The first time I visited one of my sons in college was both a wonderful and awkward experience. He was thrilled to see us (thank goodness) and I held back tears of joy at seeing him for the first time since drop off six weeks earlier.
But we were on new and unsteady ground. This was my first visit to his world and I was far from sure how to proceed.
Do’s and don’ts of parents weekend (and anytime you visit your teen in college)
DO show up bearing gifts. Nothing makes a parent more endearing than showing up with local treats, homemade goodies or fun and foolish items that can be shared with roommates or new friends up and down the hall.
DON’T visit the actual dorm room or risk being overcome with the urge to straighten, clean and restore the surroundings to their move-in day condition. If you do, foolishly, visit the dorm room, stay away from the bathroom. Just a word to the wise.
DO use this face-to-face visit as a chance to tell your almost adult child how proud you are of the journey she has taken and the initiative she has shown. No child tires of hearing of their parent’s pride. For me this was a chance to say some of the heartfelt things that were swept away on a sea of tears at drop-off a few months earlier.
DON’T assume that everything is going perfectly well. College life is complex and as one of my kids put it, “a time of high highs and low lows.” It is all too common for college students to be swayed by other overpowering influence of social media into believing everyone else is managing their life better.
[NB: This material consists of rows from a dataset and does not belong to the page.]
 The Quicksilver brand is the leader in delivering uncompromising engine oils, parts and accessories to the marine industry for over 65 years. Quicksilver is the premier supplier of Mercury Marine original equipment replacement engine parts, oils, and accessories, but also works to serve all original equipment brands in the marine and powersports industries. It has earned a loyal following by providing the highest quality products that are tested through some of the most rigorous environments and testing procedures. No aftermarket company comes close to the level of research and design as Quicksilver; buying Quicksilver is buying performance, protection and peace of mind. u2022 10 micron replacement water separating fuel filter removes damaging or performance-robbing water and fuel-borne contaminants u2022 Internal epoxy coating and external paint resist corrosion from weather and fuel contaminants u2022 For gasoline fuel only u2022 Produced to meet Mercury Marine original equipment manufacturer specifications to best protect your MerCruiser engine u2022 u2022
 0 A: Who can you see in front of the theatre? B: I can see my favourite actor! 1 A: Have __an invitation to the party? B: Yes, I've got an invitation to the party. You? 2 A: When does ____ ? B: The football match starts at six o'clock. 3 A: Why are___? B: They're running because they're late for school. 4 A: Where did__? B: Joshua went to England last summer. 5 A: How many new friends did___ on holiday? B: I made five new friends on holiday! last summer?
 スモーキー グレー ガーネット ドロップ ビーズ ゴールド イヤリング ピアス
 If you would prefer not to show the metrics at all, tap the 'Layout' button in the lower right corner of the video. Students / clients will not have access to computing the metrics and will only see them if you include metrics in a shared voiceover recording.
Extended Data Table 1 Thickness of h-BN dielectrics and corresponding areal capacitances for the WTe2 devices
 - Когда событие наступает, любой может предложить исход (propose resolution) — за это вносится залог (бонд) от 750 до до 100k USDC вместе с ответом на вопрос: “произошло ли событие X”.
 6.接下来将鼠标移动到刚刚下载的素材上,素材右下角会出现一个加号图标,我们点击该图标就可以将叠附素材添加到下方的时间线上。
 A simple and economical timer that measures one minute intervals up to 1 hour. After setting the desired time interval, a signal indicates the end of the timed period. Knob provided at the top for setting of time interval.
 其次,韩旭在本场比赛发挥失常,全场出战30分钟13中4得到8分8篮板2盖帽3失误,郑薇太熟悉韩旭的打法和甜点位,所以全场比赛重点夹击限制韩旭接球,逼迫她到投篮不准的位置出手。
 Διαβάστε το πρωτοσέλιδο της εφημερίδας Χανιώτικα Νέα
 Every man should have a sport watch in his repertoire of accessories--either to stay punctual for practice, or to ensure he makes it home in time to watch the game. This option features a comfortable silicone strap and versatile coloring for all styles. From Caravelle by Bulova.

DO listen, without interruptions, to the challenges of academic life and the pressure of social life in college. This concentrated time, without the many distractions of home, is a chance to hear how your college student is really faring.
DON’T offer platitudes and say that everyone goes through this process of adjustment.
DO offer constructive advice, compassion and parental support. We are not here to help our kids solve their problems but rather to help them figure out their own solutions.
DON’T show up without a plan for spending time on campus. Your teen may think you will just “hang out.” You do not want to hang out in that dorm room.
DO plan something your family loves to do together, that reminds everyone of your shared interests and attachment. It can be movies, museums, special food, religious services or sporting or cultural events.
DON’T draw out the visit. It is always best to leave our kids before they tire of us and have them wanting us to return.
DO leave a little something when you go. A simple token like a note, a gift card to treat the roommates to a pizza or frozen yogurt, or a new pair of gloves will remind your child that he is loved long after you are on the interstate back home.
DO plan to attend an on campus event, show or game as it will give you a better sense of college life.
DON’T let your college student act like they are still in middle school and embarrassed that they have parents.
DO remember that this departure will sting a bit, too, as you drive away. This is not the big bad punch in the gut that drop off might have been, but walking away from those we love is never easy.
DON’T be unprepared for this goodbye.
DO let your college student know your expectation that she is to make the most of these four years, and should not squander the precious opportunity she is so fortunate to have been given.
DON’T use this as an opportunity to nag about not calling or spending too much money; there is time and phone calls for that later.
DO take selfies, okay, maybe just photos. Although it might make you feel like a tourist, these will give you many happy moments starting from the day after your visit.
DON’T let your kid make faces. Remind them that you put just a bit of effort into getting them to this moment and that all you are asking for is a nice photo in return.